A phylogenetic analysis revealed that, while the amino acids Ser and Ile are well conserved at positions corresponding to residue 112 in JaPAL in angiosperm PAL enzymes, basal non-flower PAL enzymes possess Ile, Thr, or Val at this position (FIG. 9A). Also, another group of angiosperm PAL enzymes (clade II in FIG. 9A), which is not conserved across angiosperms, possess Thr at the corresponding position. Accordingly, we tested the TAL activity of JaPAL and JaPTAL enzymes with and without mutations to these other amino acids at residue 112. We found that substituting the Ile at this position in JaPAL^F140H_S112I with Thr or Val retains strong TAL activity with comparable kcat and Km values but substituting it with Ser does not (FIG. 9B). Thus, replacing Ser112 with Ile, Val, or Thr together with the F140H mutation could potentially convert a PAL enzyme into a PTAL enzyme.

Example 3

In the following example, the inventors describe future experiments in which engineered PAL enzymes will be tested in planta.
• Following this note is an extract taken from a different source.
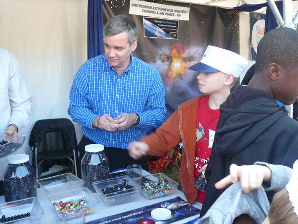 Most of the kids who came to the Chandra booth took part in our activity that let them “build” their own their own Universe out of dark matter and dark energy (black marbles) and normal matter (colored marbles.) Others were able to learn more about Chandra – and many other topics in astrophysics -- from our resident experts for the weekend. Thanks to the Festival organizers for making the weekend such a success.

To test the effects of the F140H and S112I mutations in plants, we will transiently express recombinant PAL enzymes (e.g., Arabidopsis PAL_S112I-F140H) with and without the corresponding mutations in Nicotiana benthamiana using Agrobacterium-mediated transformation. Soluble metabolites will be extracted from the transformed Nicotiana leaves and quantified to determine if the production of any soluble phenylpropanoid compounds was affected by the presence of the recombinant PAL enzymes.

This experiment will also be conducted in plants that express deregulated TyrA enzymes that we previously discovered, such as Beta vulgaris TyrAalpha (Lopez-Nieves et al., Plant J 109: 844-855 (2021)). The presence of the deregulated TyrA enzymes should increase the availability of the tyrosine substrate for the TAL activity.